Tuesday, February 9, 2010

Pork Chop World

You smell wrong. Not bad, necessarily. Wrong. Off, slightly. Like you're milk going sour, or butter gone a little rancid. I don't mean this to be insulting. I just...

Maybe it's me. My nose might be malfunctioning. People say I'm overly sensitive to smells.

"Smell that?"

"What?"

"Sort of sweet. Barbecue, maybe. A block away?"

"I don't smell anything."

That happens to me all the time. And turned out not to be barbecue, in that particular case. A daycare was on fire.

Anyway.

Off. Sour. Bad. Like you're rotting inside. Do you feel rotten? Is there something wrong with you? Maybe your gallbladder has gone funny. You know how sometimes internal organs just fail? When they do, they rot. I wonder why?

Have you been eating something you shouldn't? Maybe there's something rotten in your guts.

Maybe you've been thinking bad ideas? Have you had any weird dreams lately, about meat?

I dreamt last night I was in a city made out of pork chops. Were you there too? You kind of smell like pork chops. Maybe that's it. You and I in the land of pork chops. Only I was smart enough to dream about taking a shower before I woke up. That's why I don't smell and YOU do.

Dream hygiene. It's important. Think about it.

In the land of pork chops, I saw a baby made of pork chops playing with a puppy made of pork chops. And I thought to myself...

How can these people stand it? They're all made of pork chops! How do they stop from eating each other? Or even eating themselves? Why isn't this child EATING this puppy? Why isn't this puppy EATING the child? Or the floor? Or the building?

WHAT IS WRONG WITH THESE CREATURES? That's what I wanted to know.

Anyway. Stop crying. Stop crying or I'll hit you again. Look, if you want me to untie you, you're going to have to start answering my questions. I can't figure out these things on my own.

I promise to let you go.
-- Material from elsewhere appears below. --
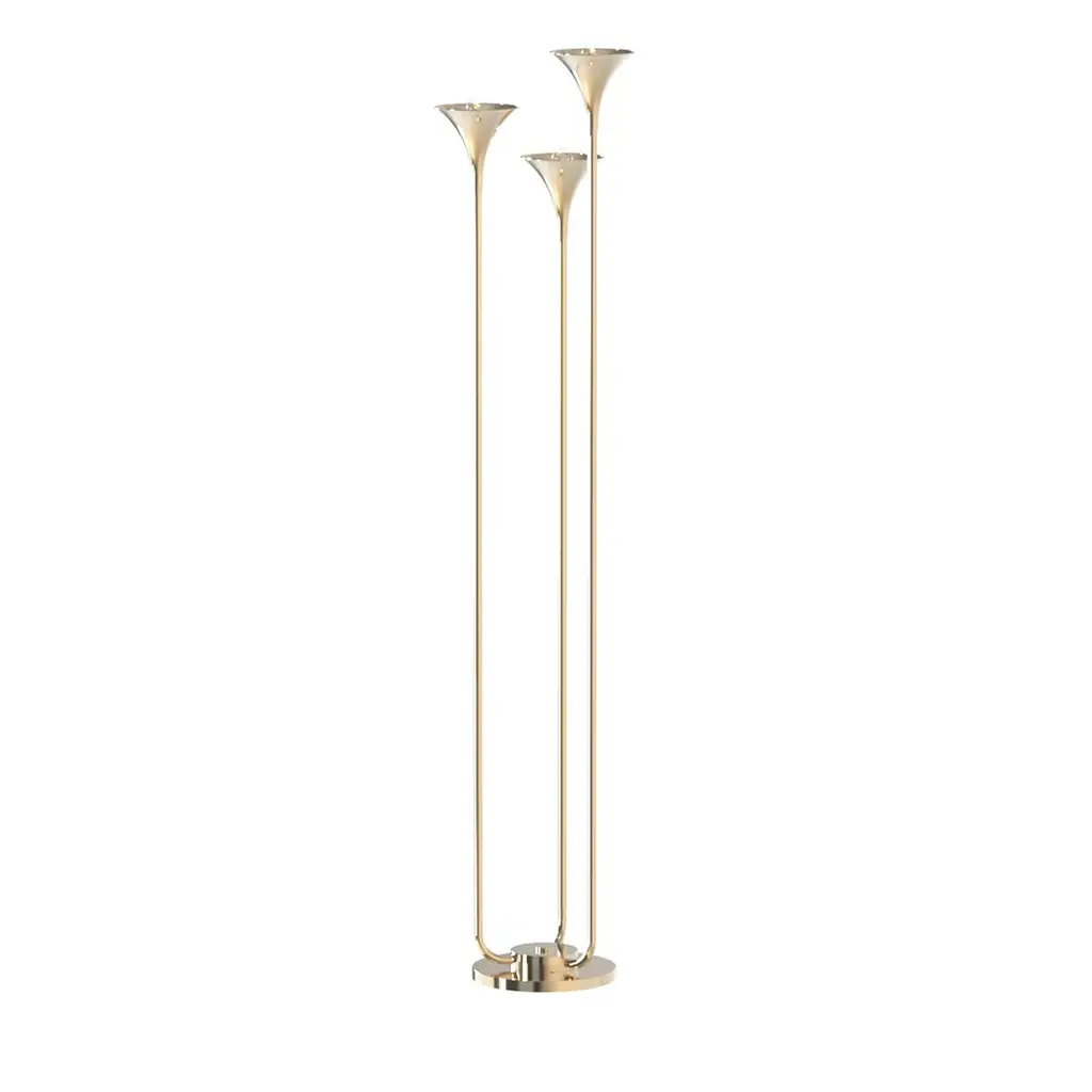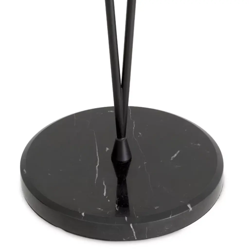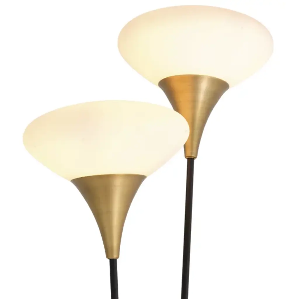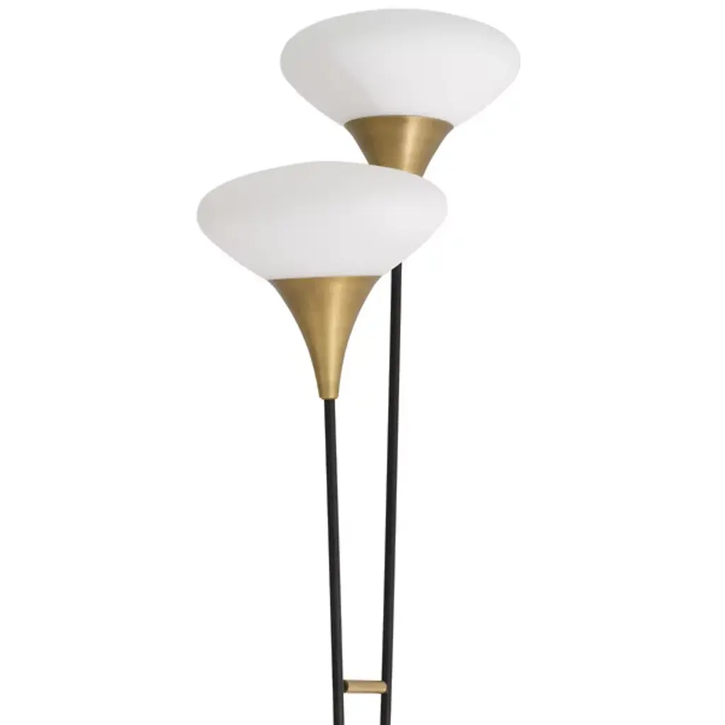 The Duco Floor Lamp is an attractive mid-century modern design from Eichholtz. Two sloping stems grow up and out from the circular base below. At the top of each is a mushroom-shaped glass shade nestled in antique brass. Soft light diffuses through the glass for a pleasant glow of illumination. A flourish in between the stems adds visual interest. It’s a transitional composition of lighting that will elevate a space with sophisticated style.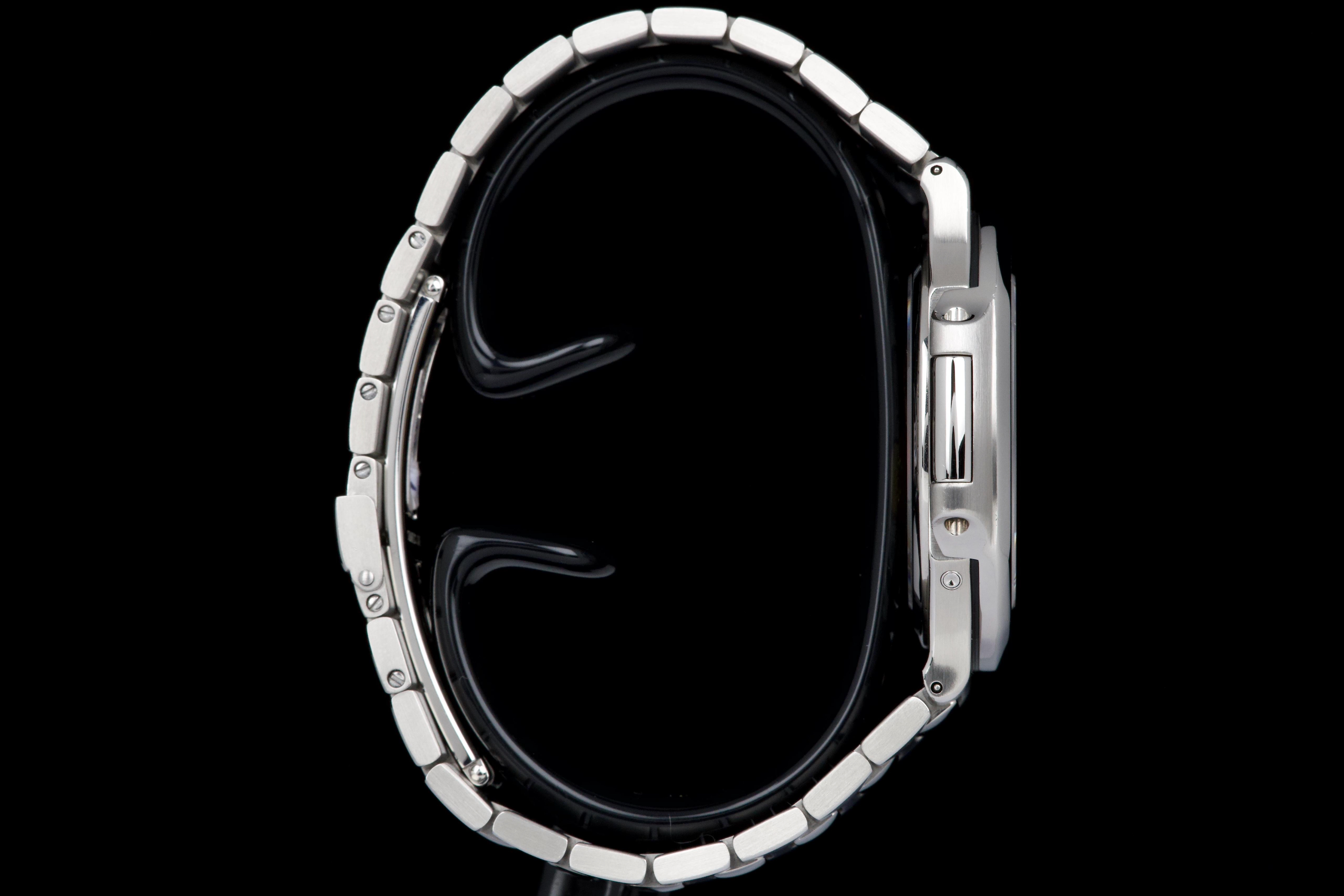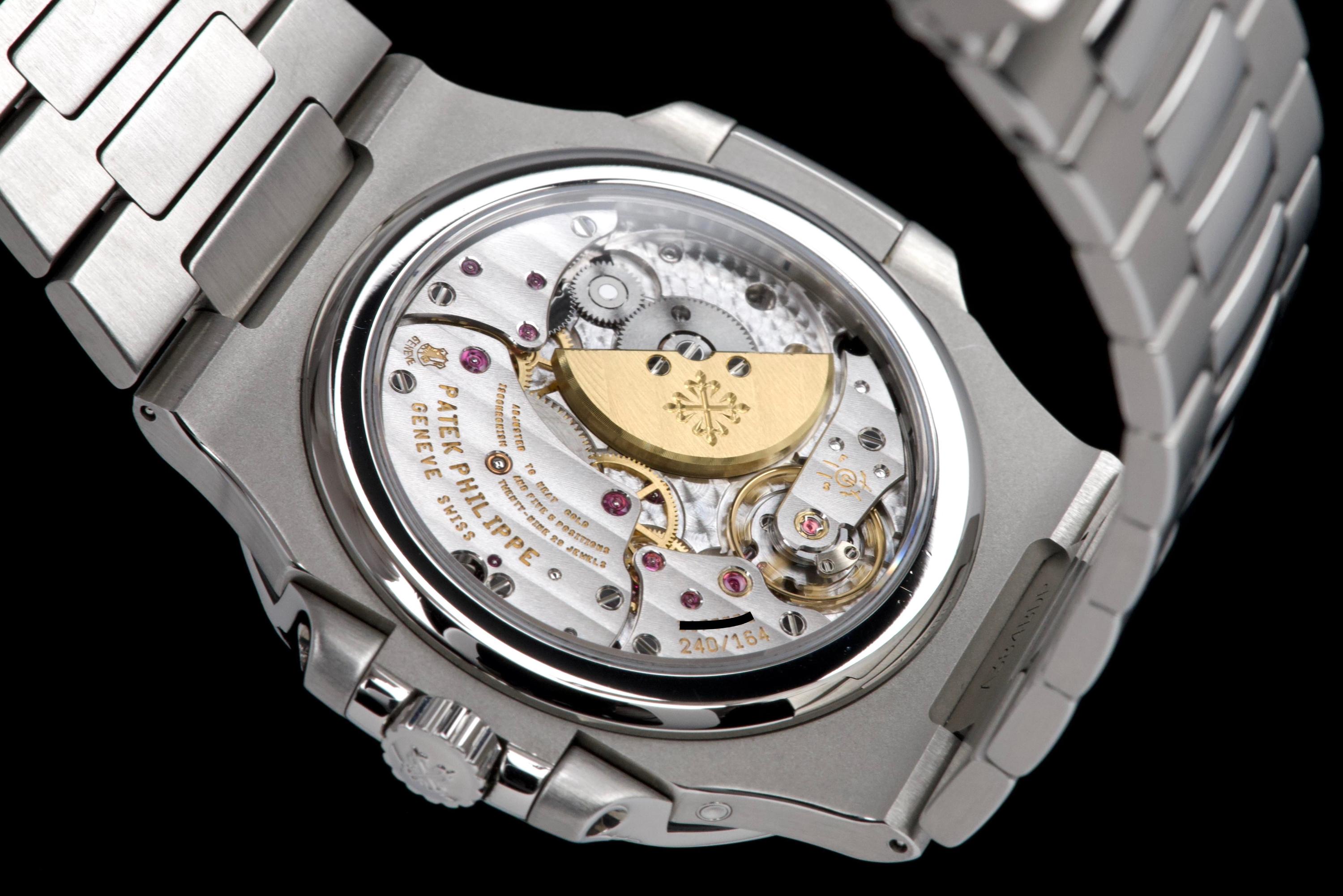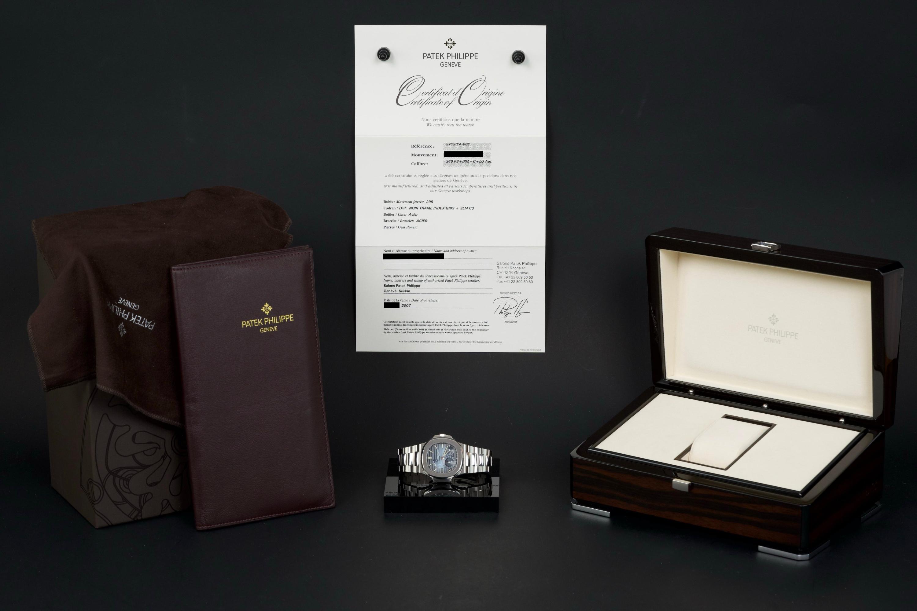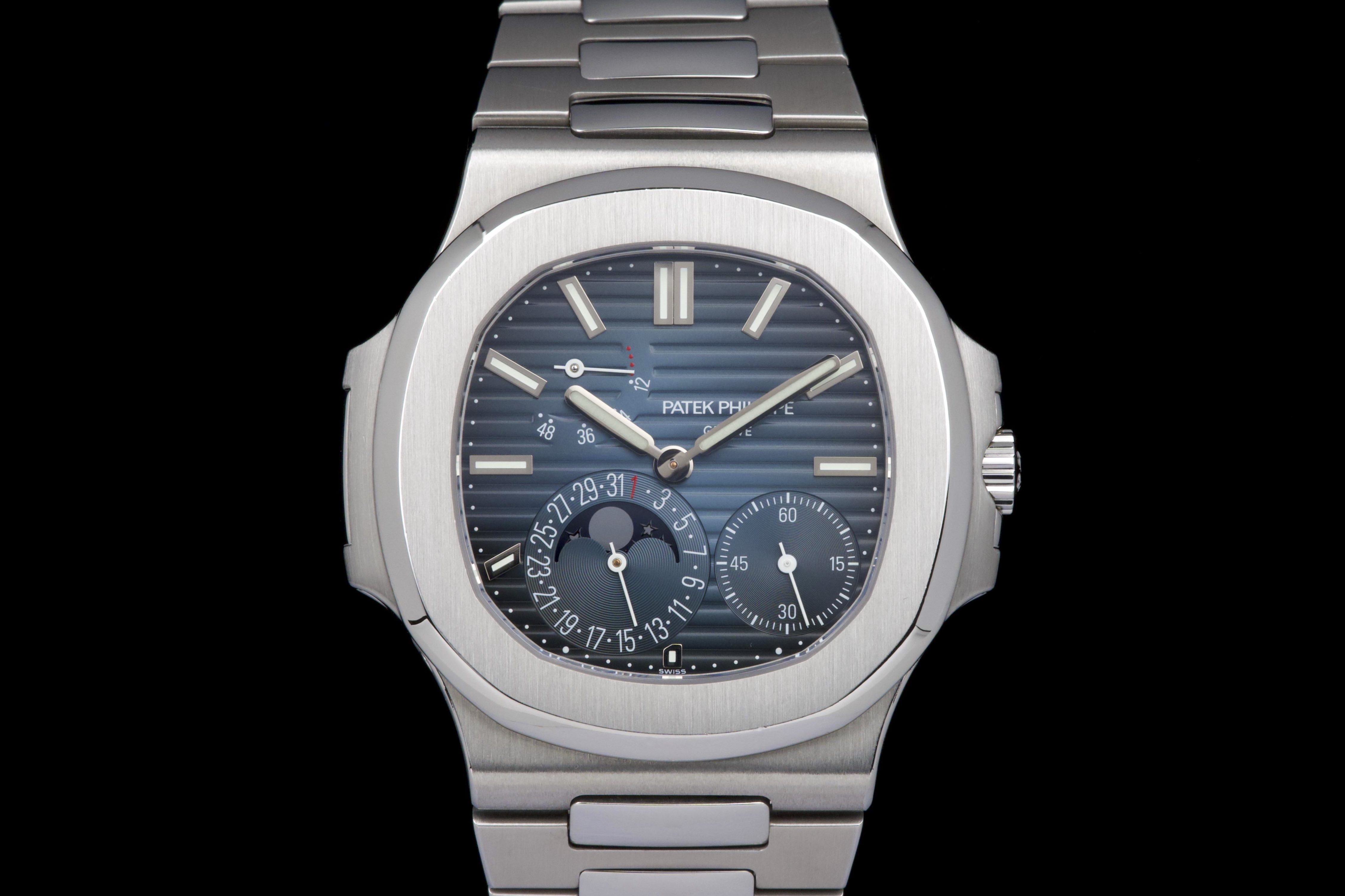 The present Patek Philippe Nautilus reference 5712/1A-001, dating to 2007, is an early example of the celebrated reference and part of the production bearing the prestigious Geneva Seal. Offered with its original box and papers, this watch was originally sold at the Patek Philippe Salons in Geneva in 2007, adding desirable point-of-sale provenance. The stainless-steel case is preserved in very good overall condition, having been polished in the past and now showing light wear consistent with careful use. The signature blue dial is flawless, displaying the refined horizontal embossing and rich tone that have made the 5712 one of the most coveted Nautilus references. The hands match perfectly, maintaining a harmonious and balanced aesthetic. The integrated stainless-steel bracelet shows light stretch, entirely consistent with a watch approaching twenty years of age, yet remains in very good overall condition. Inside, the automatic calibre 240 PS IRM C LU—bearing the Geneva Seal—is performing strongly, with measured amplitude of approximately 300 degrees and accuracy of +3 seconds per day. The watch has also been pressure-tested and is confirmed water-resistant to 3 bar at the time of cataloguing. Combining early Geneva Seal production, strong mechanical performance, full-set completeness, and Geneva Salon provenance, this Nautilus 5712 represents a compelling opportunity to acquire one of Patek Philippe’s most iconic modern complications in attractive and honest condition.

See? I promise. There. Now chill the fuck out and help me make sense of this pork chop world.

3 comments:

roy said...

An expertly delivered dead baby joke. Who saw it coming? No one -- that's who! I applaud you, sir. Incidentally, how do you attract these Chinese singles links? Reveal your secrets to me! It must be the dead baby jokes. The Chinese are all about dead baby jokes.

roy said...
This comment has been removed by the author.
roy said...

Jeez, I almost missed it: The CAPTCHA for that comment was 'urainis.' Uh-huh.